From DMKM distributions, the FRoG generated EUD values to predict the late rectal toxicity NTCP, based upon the formulation reported by Fukahori et al. [16,29,30]. In particular, the median values for LKB parameters n, m and TD50 (0.035 (95% CI: 0.024–0.047), 0.10 (0.084–0.13) and 63.6 Gy(RBE) (61.8–65.4)) obtained for ≥G1 late rectal toxicity were selected to calculate the NTCP for the CNAO population.

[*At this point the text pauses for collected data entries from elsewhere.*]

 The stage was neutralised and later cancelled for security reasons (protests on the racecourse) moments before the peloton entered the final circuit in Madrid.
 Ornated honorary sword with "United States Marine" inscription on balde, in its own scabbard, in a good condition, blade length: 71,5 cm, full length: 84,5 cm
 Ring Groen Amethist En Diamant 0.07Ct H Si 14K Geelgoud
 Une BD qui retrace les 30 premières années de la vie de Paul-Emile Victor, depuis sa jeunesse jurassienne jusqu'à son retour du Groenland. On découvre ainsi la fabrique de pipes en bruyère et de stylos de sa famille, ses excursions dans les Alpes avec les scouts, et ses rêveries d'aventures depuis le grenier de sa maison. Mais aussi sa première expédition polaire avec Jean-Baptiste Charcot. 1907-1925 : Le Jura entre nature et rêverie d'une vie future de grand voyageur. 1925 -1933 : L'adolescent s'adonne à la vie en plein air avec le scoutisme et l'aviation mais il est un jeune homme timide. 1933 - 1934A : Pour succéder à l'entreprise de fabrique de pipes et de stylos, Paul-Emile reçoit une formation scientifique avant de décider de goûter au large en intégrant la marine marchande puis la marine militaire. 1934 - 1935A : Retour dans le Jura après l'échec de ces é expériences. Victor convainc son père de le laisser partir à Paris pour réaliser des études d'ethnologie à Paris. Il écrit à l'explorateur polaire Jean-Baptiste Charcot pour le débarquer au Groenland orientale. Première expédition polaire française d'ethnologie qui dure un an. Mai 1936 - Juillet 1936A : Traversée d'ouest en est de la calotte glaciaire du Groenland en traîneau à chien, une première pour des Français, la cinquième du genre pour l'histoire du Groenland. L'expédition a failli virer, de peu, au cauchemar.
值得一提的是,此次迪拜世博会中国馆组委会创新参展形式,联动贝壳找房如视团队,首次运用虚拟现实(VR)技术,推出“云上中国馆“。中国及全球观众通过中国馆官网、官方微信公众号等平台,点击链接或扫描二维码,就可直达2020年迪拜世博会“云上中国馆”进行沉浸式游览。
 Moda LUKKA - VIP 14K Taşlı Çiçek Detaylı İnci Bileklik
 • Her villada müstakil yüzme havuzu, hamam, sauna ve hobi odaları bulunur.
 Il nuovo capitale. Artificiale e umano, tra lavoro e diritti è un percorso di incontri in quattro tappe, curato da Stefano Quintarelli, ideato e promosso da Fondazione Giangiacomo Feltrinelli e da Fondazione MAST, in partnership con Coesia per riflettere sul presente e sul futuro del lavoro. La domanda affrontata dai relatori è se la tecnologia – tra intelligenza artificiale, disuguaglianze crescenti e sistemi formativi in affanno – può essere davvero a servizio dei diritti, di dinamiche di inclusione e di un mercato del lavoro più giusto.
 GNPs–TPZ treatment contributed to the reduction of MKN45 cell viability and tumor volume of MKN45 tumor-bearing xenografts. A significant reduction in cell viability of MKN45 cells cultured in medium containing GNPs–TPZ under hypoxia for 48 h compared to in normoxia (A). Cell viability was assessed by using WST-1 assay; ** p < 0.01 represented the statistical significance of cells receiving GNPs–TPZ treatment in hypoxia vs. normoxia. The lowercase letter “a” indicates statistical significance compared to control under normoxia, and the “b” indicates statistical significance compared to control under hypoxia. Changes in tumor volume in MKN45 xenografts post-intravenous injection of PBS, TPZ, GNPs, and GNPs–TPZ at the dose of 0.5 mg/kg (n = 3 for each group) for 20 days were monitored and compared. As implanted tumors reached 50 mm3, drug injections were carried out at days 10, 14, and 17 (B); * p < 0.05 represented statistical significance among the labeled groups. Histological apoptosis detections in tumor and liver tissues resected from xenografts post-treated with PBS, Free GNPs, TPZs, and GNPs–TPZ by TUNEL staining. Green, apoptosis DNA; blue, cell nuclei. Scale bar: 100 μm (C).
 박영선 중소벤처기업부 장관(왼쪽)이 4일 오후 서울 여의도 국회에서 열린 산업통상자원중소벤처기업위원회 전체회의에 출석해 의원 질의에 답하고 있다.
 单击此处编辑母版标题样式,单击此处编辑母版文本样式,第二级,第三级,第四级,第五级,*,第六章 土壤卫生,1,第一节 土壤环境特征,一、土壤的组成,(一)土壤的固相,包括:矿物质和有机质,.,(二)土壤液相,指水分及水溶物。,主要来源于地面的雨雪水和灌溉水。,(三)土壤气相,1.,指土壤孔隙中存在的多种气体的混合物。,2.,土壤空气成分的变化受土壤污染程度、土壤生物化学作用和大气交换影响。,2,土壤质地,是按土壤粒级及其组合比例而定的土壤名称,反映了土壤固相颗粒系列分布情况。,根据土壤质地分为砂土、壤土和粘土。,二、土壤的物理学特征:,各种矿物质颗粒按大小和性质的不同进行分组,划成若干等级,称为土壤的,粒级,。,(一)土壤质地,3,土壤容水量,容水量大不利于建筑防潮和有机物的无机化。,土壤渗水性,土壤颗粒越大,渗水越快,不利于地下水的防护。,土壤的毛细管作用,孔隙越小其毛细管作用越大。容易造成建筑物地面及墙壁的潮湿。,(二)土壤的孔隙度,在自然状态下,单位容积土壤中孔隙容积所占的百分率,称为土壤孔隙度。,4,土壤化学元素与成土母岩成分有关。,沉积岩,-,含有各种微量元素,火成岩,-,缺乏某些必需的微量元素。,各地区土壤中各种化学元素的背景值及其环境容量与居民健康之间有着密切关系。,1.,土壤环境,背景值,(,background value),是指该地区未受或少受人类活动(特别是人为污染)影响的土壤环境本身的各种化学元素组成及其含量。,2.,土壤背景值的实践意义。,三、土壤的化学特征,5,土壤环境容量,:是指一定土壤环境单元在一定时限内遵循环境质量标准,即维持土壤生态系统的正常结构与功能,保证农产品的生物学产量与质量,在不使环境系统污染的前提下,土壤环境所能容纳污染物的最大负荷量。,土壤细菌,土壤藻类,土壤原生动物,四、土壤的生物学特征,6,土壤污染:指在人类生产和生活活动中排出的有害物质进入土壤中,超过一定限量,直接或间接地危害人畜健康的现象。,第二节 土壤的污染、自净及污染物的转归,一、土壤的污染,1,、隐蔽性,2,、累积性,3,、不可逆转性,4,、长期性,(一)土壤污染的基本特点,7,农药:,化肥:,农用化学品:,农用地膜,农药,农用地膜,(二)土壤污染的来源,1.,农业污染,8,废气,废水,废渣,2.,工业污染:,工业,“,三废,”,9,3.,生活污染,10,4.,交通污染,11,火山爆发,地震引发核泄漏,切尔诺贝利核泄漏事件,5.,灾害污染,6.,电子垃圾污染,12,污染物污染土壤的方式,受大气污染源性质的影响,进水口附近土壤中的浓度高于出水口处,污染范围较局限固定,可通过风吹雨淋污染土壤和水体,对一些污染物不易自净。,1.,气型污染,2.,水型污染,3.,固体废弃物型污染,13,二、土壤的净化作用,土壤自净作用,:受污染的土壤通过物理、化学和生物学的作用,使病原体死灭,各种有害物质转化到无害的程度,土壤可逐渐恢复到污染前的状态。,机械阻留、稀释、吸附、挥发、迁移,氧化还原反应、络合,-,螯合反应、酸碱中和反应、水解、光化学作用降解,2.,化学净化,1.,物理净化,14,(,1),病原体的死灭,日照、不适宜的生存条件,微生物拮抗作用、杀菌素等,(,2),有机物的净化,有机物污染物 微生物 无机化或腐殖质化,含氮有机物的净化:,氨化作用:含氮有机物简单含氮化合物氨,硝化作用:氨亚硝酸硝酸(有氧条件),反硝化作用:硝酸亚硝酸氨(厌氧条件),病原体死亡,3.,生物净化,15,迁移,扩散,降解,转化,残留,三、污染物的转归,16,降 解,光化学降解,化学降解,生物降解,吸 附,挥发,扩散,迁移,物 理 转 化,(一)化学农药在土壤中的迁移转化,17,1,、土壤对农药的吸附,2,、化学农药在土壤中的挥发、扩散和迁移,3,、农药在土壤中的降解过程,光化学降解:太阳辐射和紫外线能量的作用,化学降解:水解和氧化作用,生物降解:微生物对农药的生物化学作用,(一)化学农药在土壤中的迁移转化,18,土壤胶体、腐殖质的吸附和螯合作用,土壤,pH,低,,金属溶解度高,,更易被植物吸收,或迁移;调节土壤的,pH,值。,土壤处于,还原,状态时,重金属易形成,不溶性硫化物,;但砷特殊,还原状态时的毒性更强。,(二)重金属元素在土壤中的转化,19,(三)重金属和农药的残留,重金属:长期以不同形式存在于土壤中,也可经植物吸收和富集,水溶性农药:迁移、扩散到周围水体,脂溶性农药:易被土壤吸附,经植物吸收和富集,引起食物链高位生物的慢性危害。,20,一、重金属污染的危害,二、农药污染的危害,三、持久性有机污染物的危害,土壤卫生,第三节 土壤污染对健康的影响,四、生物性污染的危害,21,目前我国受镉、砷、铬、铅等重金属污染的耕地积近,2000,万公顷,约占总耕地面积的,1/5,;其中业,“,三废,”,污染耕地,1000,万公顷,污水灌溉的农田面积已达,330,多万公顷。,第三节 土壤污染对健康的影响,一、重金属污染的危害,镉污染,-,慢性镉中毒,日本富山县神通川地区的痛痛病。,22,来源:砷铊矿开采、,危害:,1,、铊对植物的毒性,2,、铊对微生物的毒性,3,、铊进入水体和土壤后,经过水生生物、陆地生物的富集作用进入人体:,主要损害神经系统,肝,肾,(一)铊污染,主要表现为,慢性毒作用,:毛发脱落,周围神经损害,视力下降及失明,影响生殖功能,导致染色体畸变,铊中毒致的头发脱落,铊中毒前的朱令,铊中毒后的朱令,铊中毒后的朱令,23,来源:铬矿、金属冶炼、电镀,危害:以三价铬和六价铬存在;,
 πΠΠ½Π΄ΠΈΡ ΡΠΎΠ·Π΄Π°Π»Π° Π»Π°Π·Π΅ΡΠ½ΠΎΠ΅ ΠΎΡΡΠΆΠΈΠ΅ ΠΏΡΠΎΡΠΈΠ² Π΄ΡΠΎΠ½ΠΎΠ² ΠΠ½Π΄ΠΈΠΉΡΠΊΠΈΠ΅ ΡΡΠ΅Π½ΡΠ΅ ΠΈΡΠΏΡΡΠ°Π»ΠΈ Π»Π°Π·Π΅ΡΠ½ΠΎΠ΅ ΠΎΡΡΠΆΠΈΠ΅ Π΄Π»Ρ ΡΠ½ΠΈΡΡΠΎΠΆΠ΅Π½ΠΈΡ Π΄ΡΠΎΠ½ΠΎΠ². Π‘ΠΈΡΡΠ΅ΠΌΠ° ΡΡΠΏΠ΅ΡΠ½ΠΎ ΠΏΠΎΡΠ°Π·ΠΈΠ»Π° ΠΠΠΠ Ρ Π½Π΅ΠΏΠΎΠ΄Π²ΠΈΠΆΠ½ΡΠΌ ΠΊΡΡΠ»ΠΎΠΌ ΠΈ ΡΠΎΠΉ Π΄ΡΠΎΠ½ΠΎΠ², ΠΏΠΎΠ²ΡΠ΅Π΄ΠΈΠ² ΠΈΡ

A scheme summarizing the study methodology is presented in Figure 6, highlighting the two lines of investigation followed in this work. On one side, the conversion process of rectum dose distribution for 63 patients allowed the translation of DRBE values between different RBE models. This part of the analysis provided a quantification of the potential for relaxation of LEM-based constraints. Concurrently, the follow-up of our pelvic patient cohort was analyzed to evaluate actual reported rectal toxicity. The recently published NTCP model from the Japanese NIRS group [16] was then applied to our dataset to estimate the probability of late rectal damage based on treatment outcomes registered with a longer follow-up. This second part of the study aimed at ensuring the absence of a significant toxicity rate with the currently applied constraints. New rectum dose constraints, to be confirmed prospectively using the clinical data, were finally defined for all the pelvic treatments scheduled in 16 fractions.

Figure 6

A scheme summarizing the study methodology.

5. Conclusions

For the definition of new OAR dose constraints, a detailed RBE model translation analysis has been combined with the evaluation of treatment toxicity, based on long-term clinical follow-up data and normal tissue complication predictors, as estimated by other reference CIRT centers. With the clinical implementation of updated dose constraints, we expect an improvement of treatment quality by allowing a potentially higher dose delivery to the tumor, with no increase in healthy tissue toxicity. The methodology applied in this work was successfully followed for the optic pathways [15] and brainstem. Updating dose constraints for organs at risk in the treatment of pancreatic AdC tumors and other abdominal lesions (i.e., duodenum, stomach, small bowel and colon) is currently ongoing.